Benign or malignant tumors grow over time and create high pressure inside the skull. The brain tissues are damaged by this pressure effect. In order to minimize this damage and increase the patient’s survival rate, the brain tumor should be detected as early and accurately as possible. In addition to the expertise of radiologists, imaging techniques are also of great importance in tumor detection. There are modalities such as computed tomography (CT), positron emission tomography (PET), X-rays and magnetic resonance imaging (MRI) to diagnose brain tumors [
5]. MRI is more useful than other methods and is one of the most efficient techniques to obtain detailed information about the anatomy, location, shape, and size of the tumor [
6].
Brain tumors are a health problem with high mortality rates worldwide. Early detection of tumors, making the correct diagnosis and starting appropriate treatment as soon as possible are very important for the patient’s life expectancy and quality. Traditional methods used to diagnose brain tumors are based on manual examination of imaging data by radiologists. However, since these examinations depend on the expertise of the radiologist, they are open to error, require intensive labor and are time-consuming processes [
7]. Performing such a process automatically and as quickly and accurately as possible will directly affect a patient’s life with the advantage of early diagnosis. The risk of spreading tumors that are detected at early stages can be prevented, the damage to brain tissues can be reduced and, since they may be smaller in size, they can be treated at a higher rate, with treatment methods such as radiotherapy, chemotherapy or surgical intervention. This reduces mortality rates and significantly improves patient life.

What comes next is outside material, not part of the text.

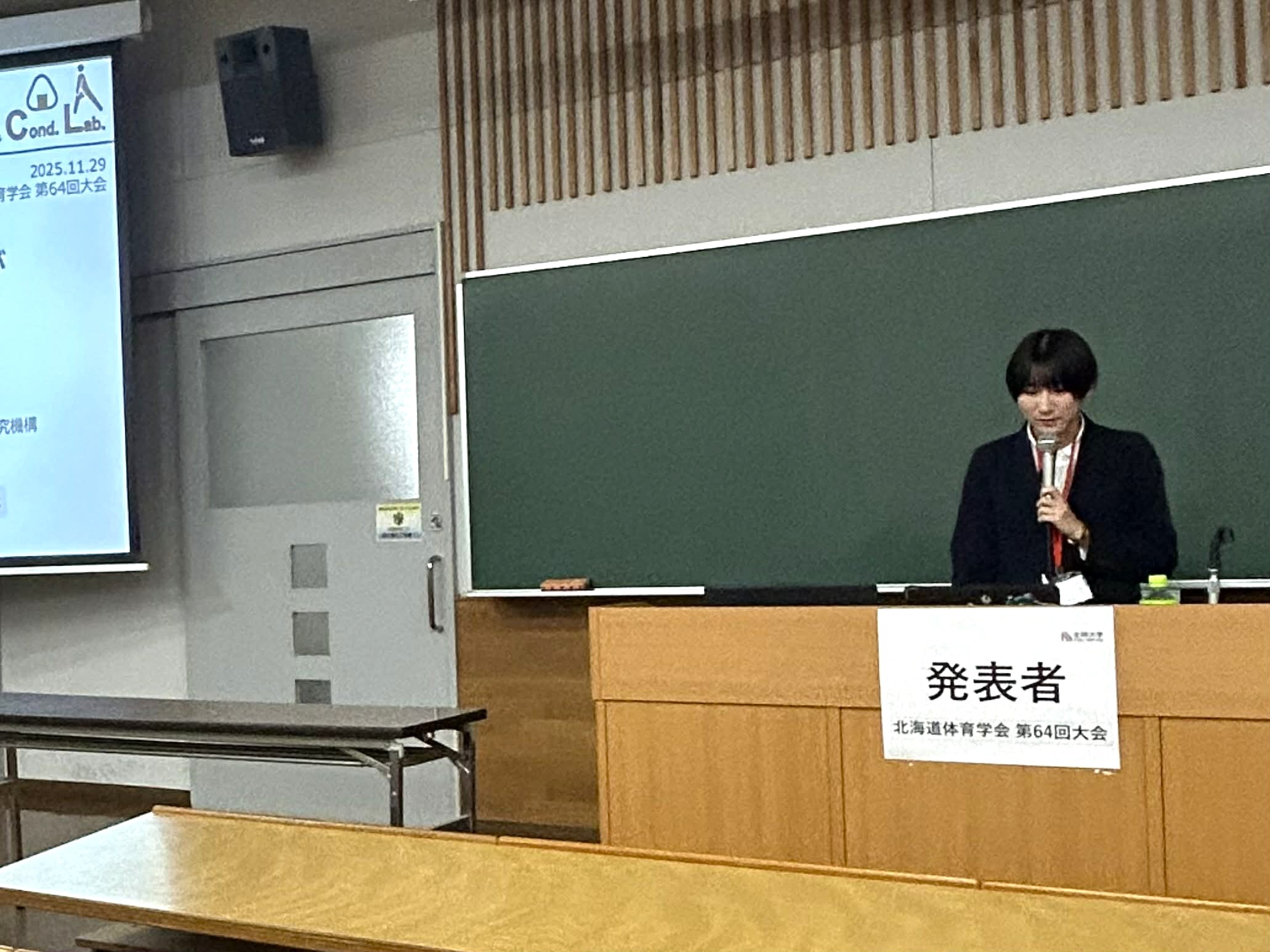 この度は若手研究者賞を賜り、大変光栄に存じます。本研究は2025年度北海道体育学会「研究助成」を受けて実施したものです。選考委員の先生方に心より御礼申し上げます。また、本成果は山口太一先生、柴田啓介先生をはじめとする共同演者の先生方のご指導、ならびに研究室の皆さまや被験者の皆さまの多大なるご協力によって得られたものです。深く感謝申し上げます。今回の受賞を今後の研究活動の新たな出発点と捉え、より意義のある研究を行えるよう研鑽を重ねてまいります。今後ともご指導ご鞭撻のほど、よろしくお願い申し上げます。

Machine learning (ML) and deep learning (DL) methods are utilized to automate the process of manually analyzing medical images. Machine learning methods use classified data. They classify new data of unknown class by learning features from labeled datasets. Classification can be undertaken on many datasets, including medical images, and using many methods [
8], such as support vector machines (SVMs), k-nearest neighbor (KNN), naive Bayes (NB), decision tree (DT) and random forest (RF). Deep learning methods automatically extract complex features from larger data using artificial neural networks. Data are processed through many layers and classification is achieved with higher accuracy rates [
9,
10,
11]. While ML and DL models have shown notable progress in the highly rapid and accurate detection of brain tumors [
12], their black box nature creates a lack of confidence in the results. As the explanations for the models’ decisions are unclear, it is difficult for medical professionals to trust the classification outputs of the models. In these types of medical applications, where the results obtained will significantly affect the patient’s life, explainability and interpretability will increase the confidence in the correctness of the decision. ML and DL models are supported by explainable artificial intelligence (XAI), which reveals which features or which regions of the image are effective in the decision made regarding an image, and, thus, transparency and understandability of the decisions are ensured [
13,
14]. In this way, medical experts understand the reason for the decisions made. This enables the model to be used as an aid in making medical diagnoses with increased confidence in its results.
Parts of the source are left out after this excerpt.